> [PROBLEM TO SOLVE]:
Beginning with the line that has "Bluebird Bio’s therapy" and ending with the line that has "Fakültemiz Öğretim Üyelerinden", retype the entries below exactly, except for the pictures.

> [DATA PROVIDED]:

☆ ☆ ☆ ☆ ☆

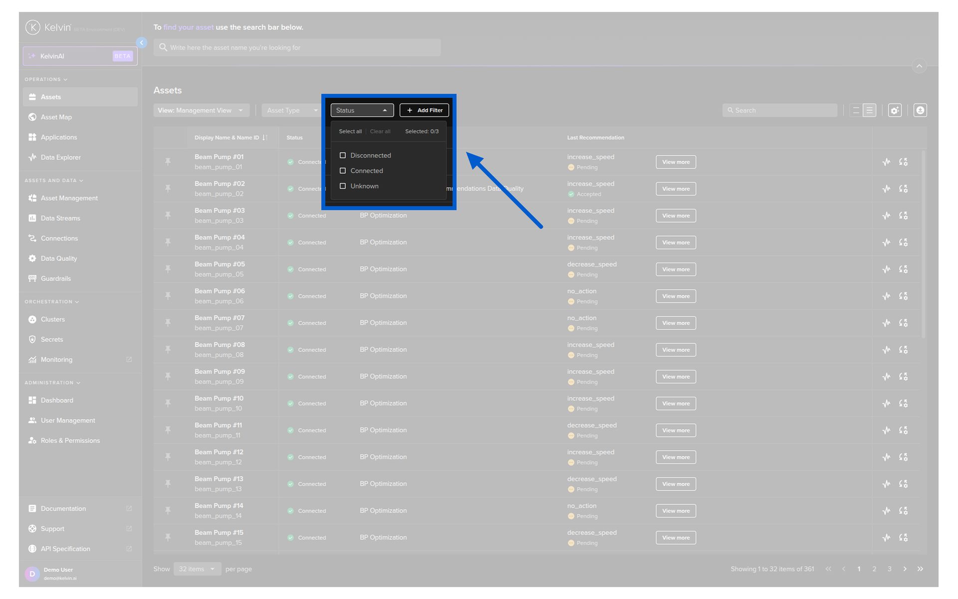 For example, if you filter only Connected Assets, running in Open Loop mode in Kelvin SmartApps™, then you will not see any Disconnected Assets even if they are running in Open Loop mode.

☆ ☆ ☆ ☆ ☆

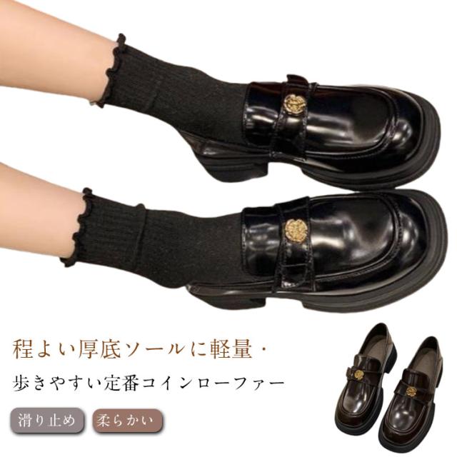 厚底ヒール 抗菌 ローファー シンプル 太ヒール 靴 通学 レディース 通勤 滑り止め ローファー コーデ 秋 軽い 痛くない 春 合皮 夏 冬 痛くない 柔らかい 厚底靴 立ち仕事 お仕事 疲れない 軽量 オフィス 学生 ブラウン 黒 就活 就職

☆ ☆ ☆ ☆ ☆

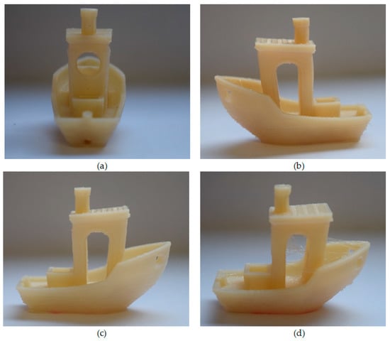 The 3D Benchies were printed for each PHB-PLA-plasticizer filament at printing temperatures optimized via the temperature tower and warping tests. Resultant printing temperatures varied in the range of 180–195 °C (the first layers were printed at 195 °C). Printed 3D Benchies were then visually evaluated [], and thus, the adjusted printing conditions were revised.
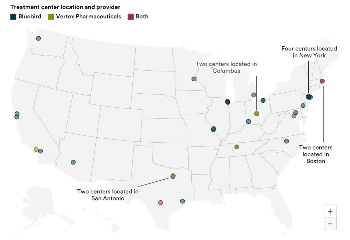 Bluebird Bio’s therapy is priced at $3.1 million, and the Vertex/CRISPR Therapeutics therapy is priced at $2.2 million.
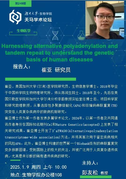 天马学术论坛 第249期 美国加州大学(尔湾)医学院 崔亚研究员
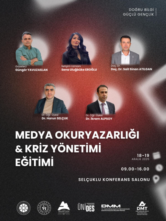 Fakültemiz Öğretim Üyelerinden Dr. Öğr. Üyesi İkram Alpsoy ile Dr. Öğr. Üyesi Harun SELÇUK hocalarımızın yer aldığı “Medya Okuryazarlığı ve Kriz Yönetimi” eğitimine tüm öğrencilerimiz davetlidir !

☆ ☆ ☆ ☆ ☆

> [RESULT OF THE EXERCISE]:
 Bluebird Bio’s therapy is priced at $3.1 million, and the Vertex/CRISPR Therapeutics therapy is priced at $2.2 million.
 天马学术论坛 第249期 美国加州大学(尔湾)医学院 崔亚研究员
 Fakültemiz Öğretim Üyelerinden Dr. Öğr. Üyesi İkram Alpsoy ile Dr. Öğr. Üyesi Harun SELÇUK hocalarımızın yer aldığı “Medya Okuryazarlığı ve Kriz Yönetimi” eğitimine tüm öğrencilerimiz davetlidir !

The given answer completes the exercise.